Профессор Коэн сердито кашлянул.
– Я все-таки профессионал. И не из носу же, прошу прощения у присутствующих дам, я эту теорию выковырял. Отвечаю: аргументы есть. Иное дело, что доказать каждый из них очень непросто. Вы кто по образованию, баронет?
– Историк, профессор, – сказал Артур и, не удержавшись, добавил, – Кембриджской выпечки.
– Ну что ж, приличных историков выпекают и там, – пожал плечами Коэн. – Тогда как коллеге я попытаюсь в двух словах объяснить сущность моих доводов. Мы знаем, что царь Тира, Хирам, был и политически, и человечески весьма близок с Давидом, царем Израиля. Проще говоря, они были друзьями. И эту дружбу Давид завещал своему сыну. Именно Хираму поручил или заказал – как вам будет удобнее – царь Соломон строительство Храма. Где? В основанной отцом столице. А основывать духовный и, что не менее важно, деловой и торговый центр Страны где было бы логичнее для очень и очень прагматичного Давида? Где-то на краю Иудейской пустыни – или в двух шагах от тогдашнего делового центра всего Восточного Средиземноморья, тем более при том, что владыка этого центра – я говорю о Тире и его царе Хираме – твой друг и партнер? Дерево, камни, мрамор на обустройство города и позднее на строительство Храма доставлять из прибрежного Ливана к Геннисарету – или опять в ту же Иудейскую пустыню? Да и Хираму отправлять своих рабочих – а тирские строители были лучшими на всем сирийско-иудейском пространстве? Аргументов у меня еще больше, и не все они стоят на одной лишь логике, но, думаю, в целом вам понятно.
– Да… – тихо произнес Артур. – Но отчего же вы не опубликовали свою теорию, свои доводы и аргументы?
Коэн рассмеялся, но на сей раз довольно грустно.

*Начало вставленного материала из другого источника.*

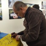— На жаль, я не можу зараз показати обличчя тих людей, яких знімав. Найбільше мене вразило у наших захисниках те, що ні у кого я не помітив злобу. Їхні очі горять вірою в перемогу. Я завжди вожу з собою прапор, котрий підписали наші бійці. Це мій талісман, який поповнюється новими написами. Також тут є ще один прапор, котрий можуть підписати усі охочі, — говорить Борис Бухман.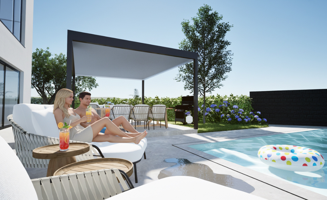 Návrh exteriéru rodinného domu zahŕňa bazén, terasu a chodníky z travertínovej dlažby, doplnené o bioklimatickú pergolu a záhradný domček. Zeleň tvorí trávnik, okrasné trávy, hortenzie a tri stromy albízie. Všetky prvky sú rozmiestnené tak, aby spolu vytvárali harmonické a príjemné prostredie pre oddych aj každodenný život.

– Это означало бы зачеркнуть свою академическую карьеру. С гарантией. Вычеркнуть себя не только из списка преподавателей, но и из науки вообще. Хотя… Это я понял уже позже. А до того пытался. Посылал статьи в солидные журналы. Да что статьи… Я ведь написал целую монографию. И потащил, старый дурак, в Оксфорд Юниверсити Пресс. И там умный человек, из наших, кстати (он похлопал себя по черной ермолке), вернув рукопись, объяснил, что никто и никогда подобное не опубликует. Перевелись дон Кихоты. Ведь это значило бы в лобовую попереть на две мощнейшие силы глобального масштаба.
– Ватикан, – твердо отчеканил Артур. Коэн кивнул. – И?..
– Еврейское лобби. – Увидев удивление на лицах собеседников, профессор грустно улыбнулся. – Я не о «сионских мудрецах». Тех я не видел и никогда с ними не пересекался. Но еврейское лобби – могучая сила, особенно в Штатах. Это я вам как знающий еврей говорю.
– Ну хорошо, лобби, – не унимался Артур. – А им-то что за дело до всей этой истории?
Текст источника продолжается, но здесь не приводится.